▸ **What to produce**: The answer should hold only the lines from the one containing "J. America Men's" through the one containing "品牌势能突出,零售端凭借高端" in the entries below, copied exactly, without pictures.

Material for this task section start

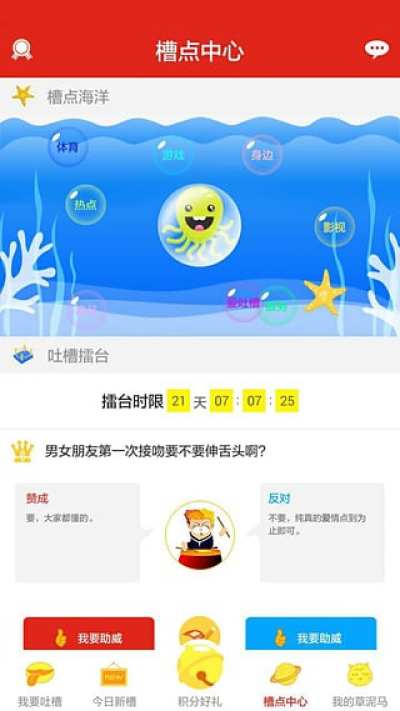 爱吐槽app是一款吐槽社区,不论你遇到什么糟心人、糟心事都可以在这里分享出来,完全无责任吐槽,还能赢积分赚钱,欢迎下载使用。
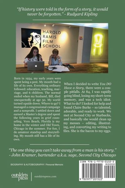 When I decided to write You DO Have a Story, there were a couple pitfalls. At 84, I was rapidly going blind, losing my short-term memory, and was a tech idiot. What to do? I looked for help and found Claire Burke - so talented, adorable, and ready to work. We met at Second City or Starbucks, and basically she would clean up my messes - editing, illustrating, and converting my writing to files. She is the bacon to my eggs.
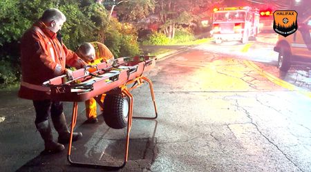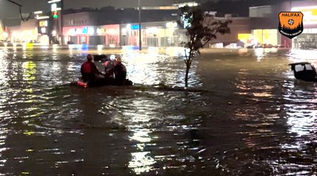 Pictures posted on social media from Halifax showed abandoned cars almost covered with flood waters and rescue workers using boats to save people.
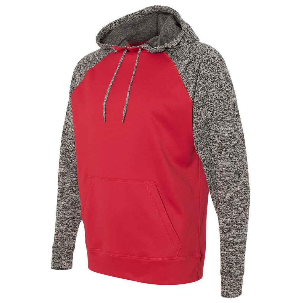 J. America Men's Red/Charcoal Fleck Colorblock Cosmic Fleece Hooded Pullover Sweatshirt
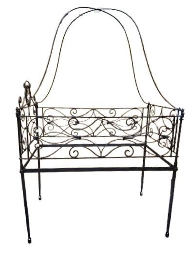 Lettino in ferro battuto con lumeggiature in oro antico e dipinto coevo su ferro, seconda metà XIX secolo
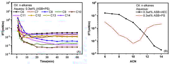 From Figure 2A, it is clear that the dynamic IFT behaviors of ASB@AEC and ASB@PS are similar to that in Figure 1A, showing a typical “L” curve. The equilibrium IFT values of ASB@AEC pass through a minimum with the increase in the alkane carbon number and the nmin value ≥14, indicating that it is very oil-soluble. The nmin value of ASB@PS is 10, which indicates that it is relatively water-soluble. Both of these systems can achieve the ultra-low IFT with n-alkanes with appropriate chain length. As we mentioned above, when the oil is n-decane, ASB@PS shows the best HLB, the IFT value can be reduced to ultra-low, and ASB@AEC only reduce to 10−2 mN/m. However, for the oil C12–C14, ASB@AEC has a better HLB and produces ultra-low IFT values, but the ASB@PS only reduces to 10−2 mN/m.
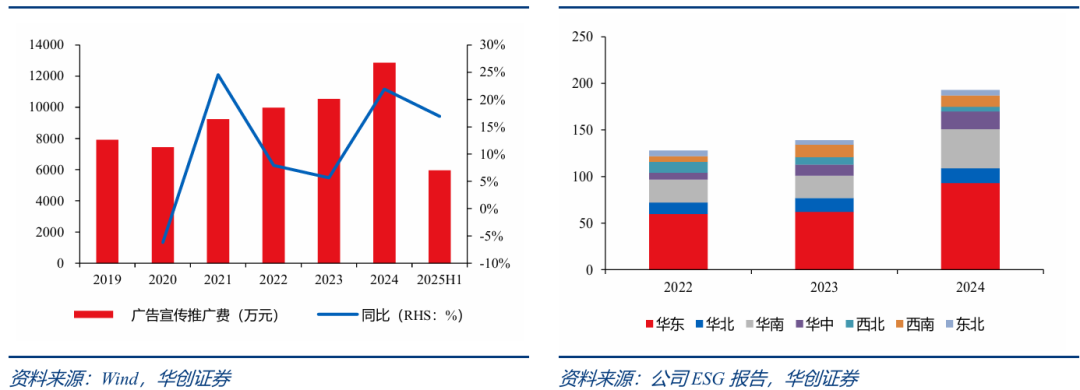 品牌势能突出,零售端凭借高端环保形象积累消费者信任,小B端凭借信任背书与稳定供应链发挥品牌对合作粘性的强化作用。1)在2023年起,兔宝宝率先实现全系产品ENF级全覆盖,环保性能显著优于千年舟、莫干山等友商同类产品。2)公司已从环保认证的追随者逐步迈向行业标准制定者,深度参与包括ENF级新国标在内的多项国家级标准起草,构筑起坚固的技术壁垒与品牌护城河。3)2020-2024年,公司广告宣传推广费持续增加,加速市场品牌知名渗透的同时增强对小B公司的背书能力,并以稳定供应链不断加强对B端的赋能价值,2022年来公司装饰新材供应商数量稳定增加。
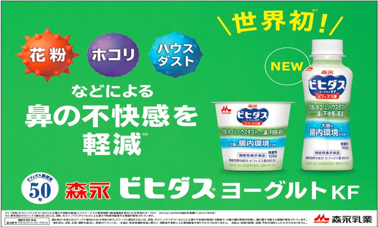 森永乳業は50年以上にわたって取り組んできた腸内細菌(腸内フローラ)やビフィズス菌研究を通じて、森永乳業独自のビフィズス菌である『ビフィズス菌BB536』が、花粉、ホコリ、ハウスダストなどによる鼻の不快感を軽減する作用を発見しました。2022年1月には、年々増加傾向にある鼻の不快感でお困りの方々を身近な食でサポートしたいという想いから、“世界初”※1花粉、ホコリ、ハウスダストなどによる鼻の不快感を軽減するヨーグルト「ビヒダス ヨーグルトKF」を発売しました。発売以来、季節を問わず年間を通じて安定した売上で推移し、多くの方からご支持いただいています。
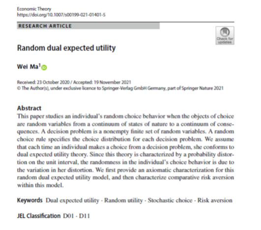近日,WilliamHill威廉希尔马伟副研究员在Economic theory在线发表论文《Random dual expected utility》,马伟博士为独立作者,威廉中国官方为独立单位。
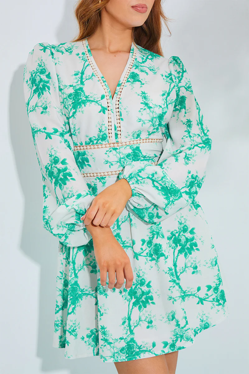 Floral Broderie Trim Mini Skater Dress
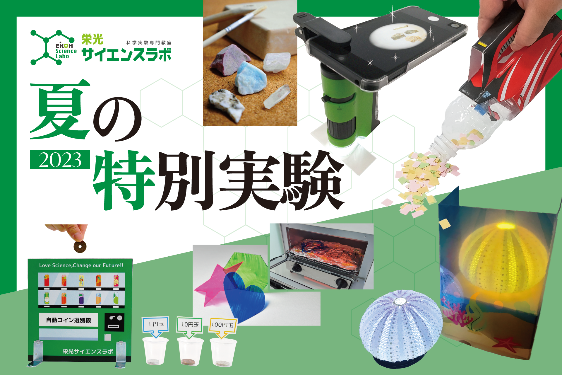 科学実験専門教室「栄光サイエンスラボ」では2023年7月~8月まで、年中~小学6年生を対象に、「夏の特別実験」を開講します。お子さまの好奇心・探究心を刺激する、対面講座・映像講座あわせて全12講座を用意しました。映像講座では事前にキットをお送りし、映像を見ながら自宅で実験します。すべての対面講座でも、使用したキットや作成したものを持ち帰りできるので、夏休みの自由研究にピッタリです。普段、栄光サイエンスラボにお通いでない方も参加可能です。
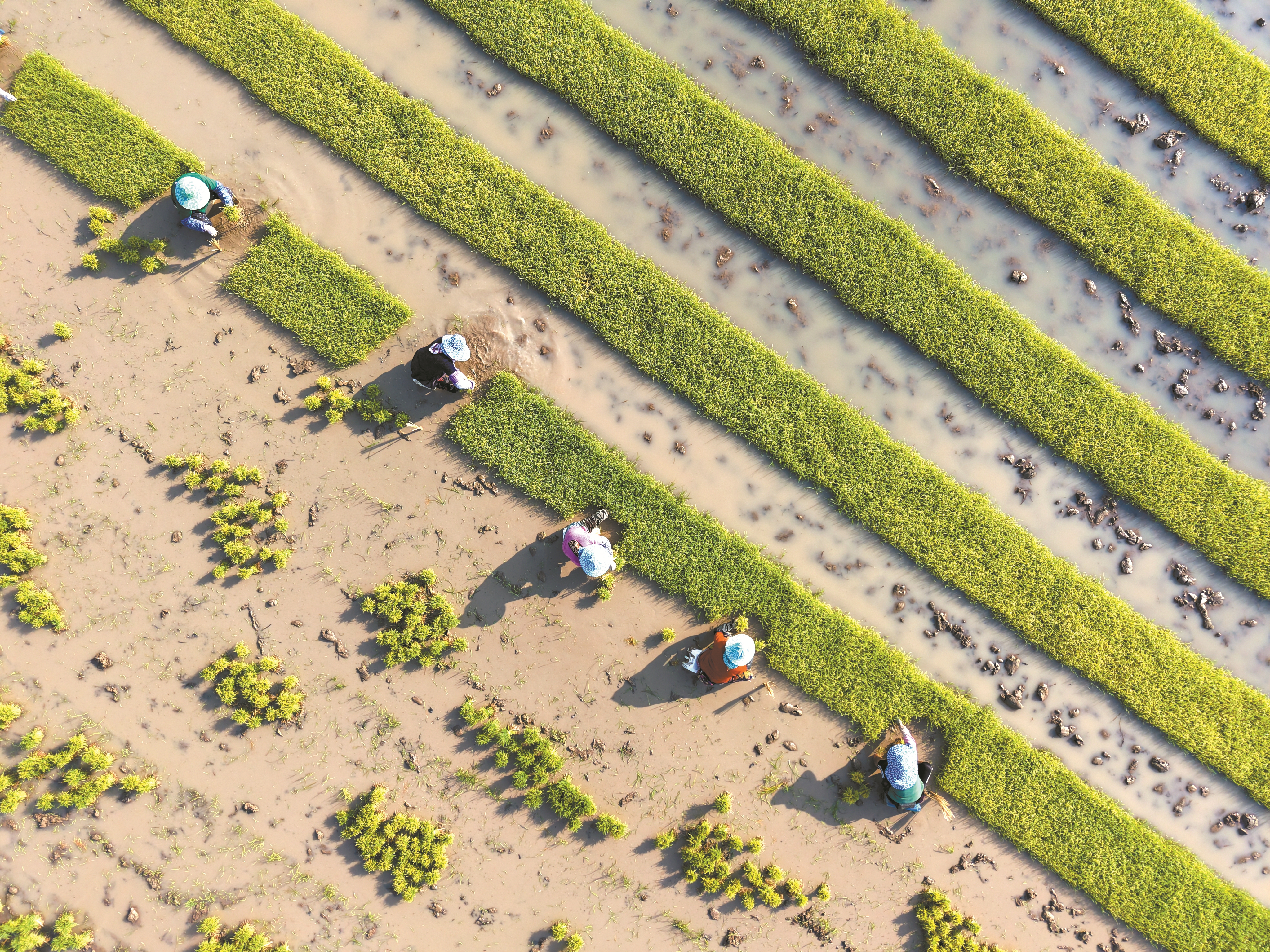 这是2月18日,在云南省西双版纳州勐海县勐遮镇曼拉村,农民在田间起秧(无人机照片)。
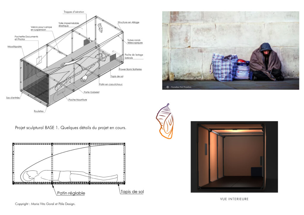 Base 1 consiste en une sculpture-abri autonome destinée aux personnes sans domicile fixe. L’œuvre se présente sous la forme d’un sac à dos transformable qui se déploie en capsule horizontale individuelle. L’objet se tient dans la mobilité mais il se déploie dans la nécessité.
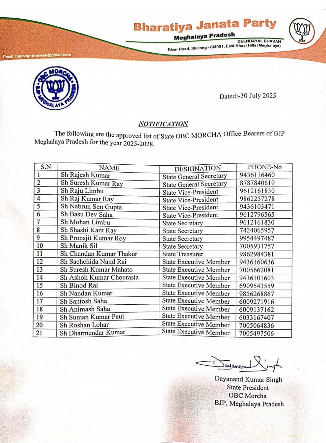 भारतीय जनता पार्टी ( भाजपा ) की मेघालय इकाई ने वर्ष 2025-2028 के लिए राज्य ओबीसी मोर्चा पदाधिकारियों की अनुमोदित सूची जारी की है। ओबीसी मोर्चे के प्रदेश अध्यक्ष दयानंद कुमार सिंह द्वारा हस्ताक्षरित अनुमोदित सूची को जारी किया गया।
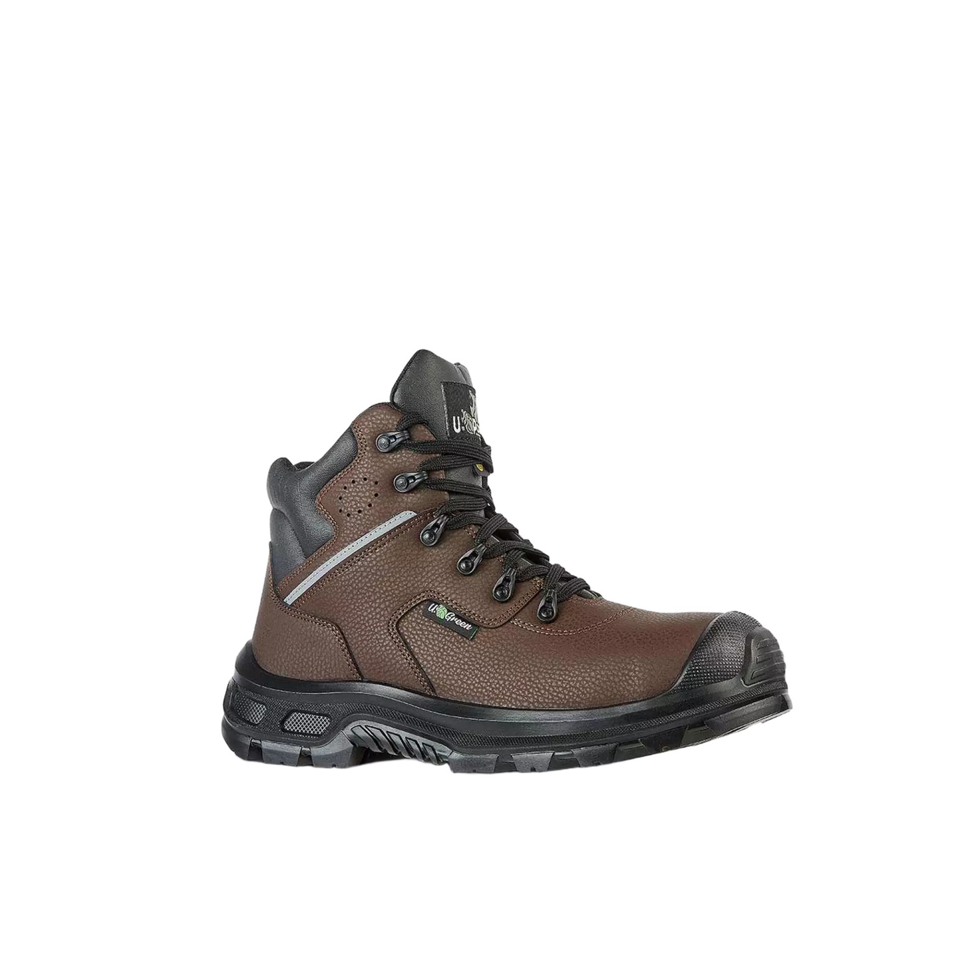 - High-top work boot with ultra-light AirToe composite toe cap and PU overcap
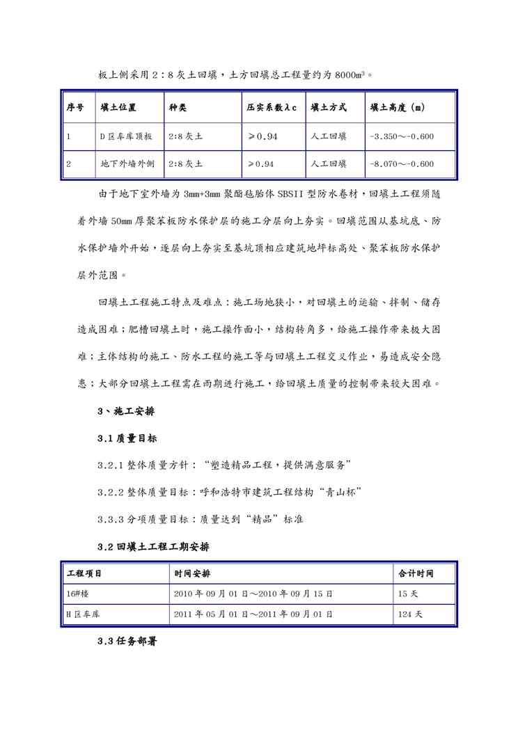 本站资深用户发布了最新的《{营销方案}内蒙古回填土施工方案》文档,以下内容为预览,详细内容可下载阅读。 声明:本站所有文章,如无特殊说明或标注,均为本站原创发布。任何个人或组织,在未征得本站同意时,禁止复制、盗用、采集、发布本站内容到任何网站、书籍等各类媒体平台。如若本站内容侵犯了原著者的合法权益,可联系我们进行处理。
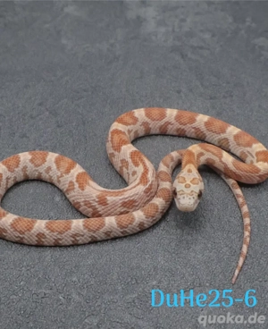 Moin, unsere Jungtiere sind inzwischen futterfest und dürfen nun in ihr neues Zuhause umziehen. Verpaarung: 1.0 Hypo Sunkissed Topaz het. Amel 50% ph. Bloodred Striped X 0.1 Candy Cane het. Sunkissed Cinder Caramel ph. Hypo Anery Geschlüpft am: 21.05- 27.05.2025 DuSi25 9 1.0 Sunkissed Amel het. ...
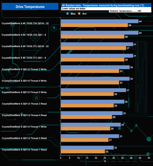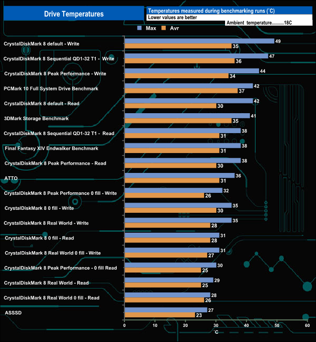We took note of the drive’s temperature during some of our benchmarking runs.
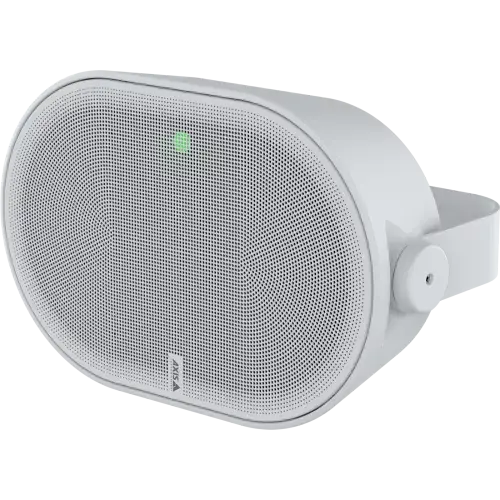 Similar to C1110-E, supports voice/music, full duplex 2-way, DSP, built-in mic, PoE. White color.
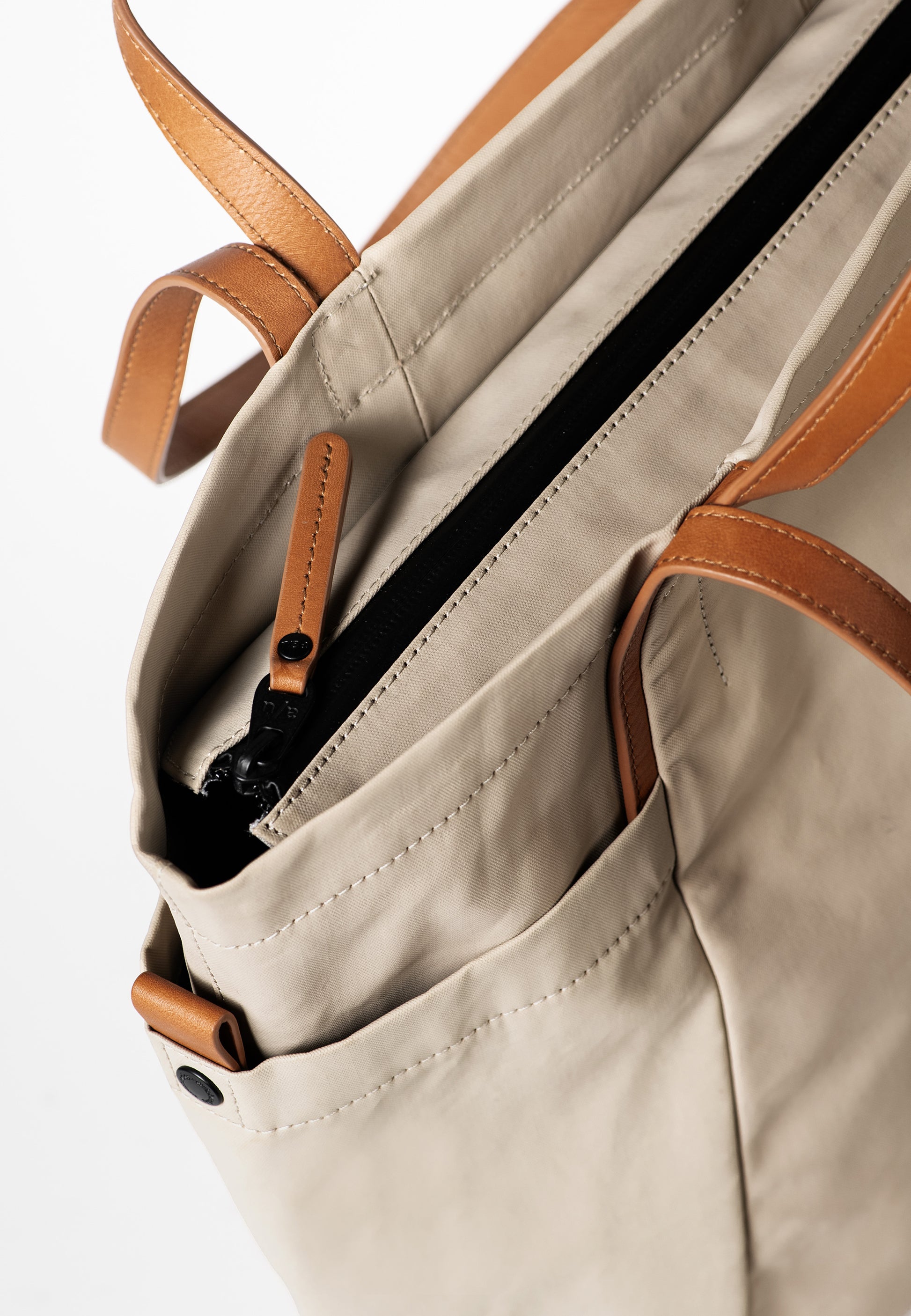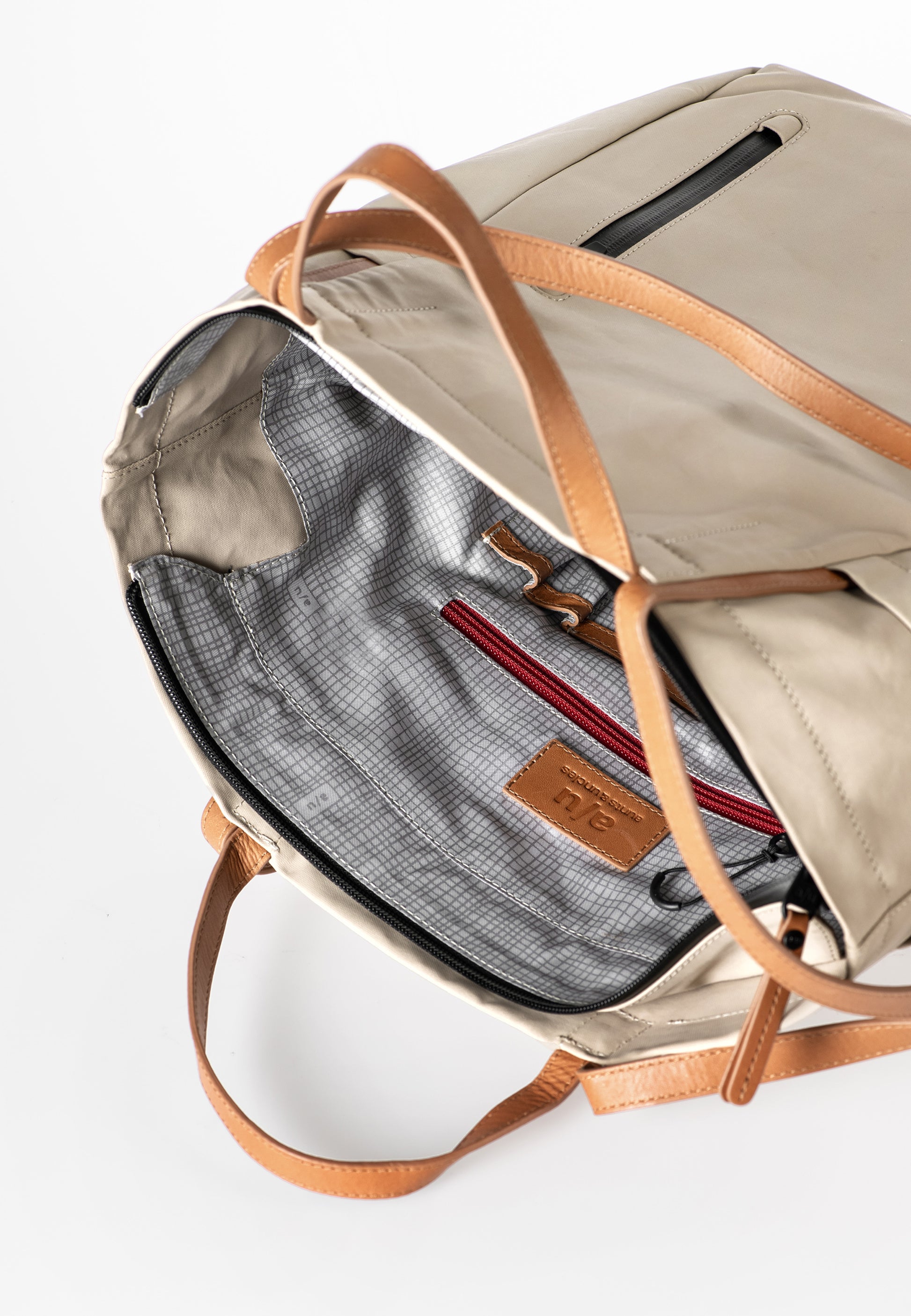 Tillverkad av vattenavvisande, belagd canvas ur Japan-kollektionen, klarar Takamatsu dagens alla utmaningar med stil. Väskan har en smart organiserad insida, en avtagbar innerficka och två stora sidofickor – perfekta för vattenflaska eller paraply. På baksidan finns dessutom ett praktiskt dragkedjefack.

Material for this task section end

▸ **Expected output**:
 J. America Men's Red/Charcoal Fleck Colorblock Cosmic Fleece Hooded Pullover Sweatshirt
 Lettino in ferro battuto con lumeggiature in oro antico e dipinto coevo su ferro, seconda metà XIX secolo
 From Figure 2A, it is clear that the dynamic IFT behaviors of ASB@AEC and ASB@PS are similar to that in Figure 1A, showing a typical “L” curve. The equilibrium IFT values of ASB@AEC pass through a minimum with the increase in the alkane carbon number and the nmin value ≥14, indicating that it is very oil-soluble. The nmin value of ASB@PS is 10, which indicates that it is relatively water-soluble. Both of these systems can achieve the ultra-low IFT with n-alkanes with appropriate chain length. As we mentioned above, when the oil is n-decane, ASB@PS shows the best HLB, the IFT value can be reduced to ultra-low, and ASB@AEC only reduce to 10−2 mN/m. However, for the oil C12–C14, ASB@AEC has a better HLB and produces ultra-low IFT values, but the ASB@PS only reduces to 10−2 mN/m.
 品牌势能突出,零售端凭借高端环保形象积累消费者信任,小B端凭借信任背书与稳定供应链发挥品牌对合作粘性的强化作用。1)在2023年起,兔宝宝率先实现全系产品ENF级全覆盖,环保性能显著优于千年舟、莫干山等友商同类产品。2)公司已从环保认证的追随者逐步迈向行业标准制定者,深度参与包括ENF级新国标在内的多项国家级标准起草,构筑起坚固的技术壁垒与品牌护城河。3)2020-2024年,公司广告宣传推广费持续增加,加速市场品牌知名渗透的同时增强对小B公司的背书能力,并以稳定供应链不断加强对B端的赋能价值,2022年来公司装饰新材供应商数量稳定增加。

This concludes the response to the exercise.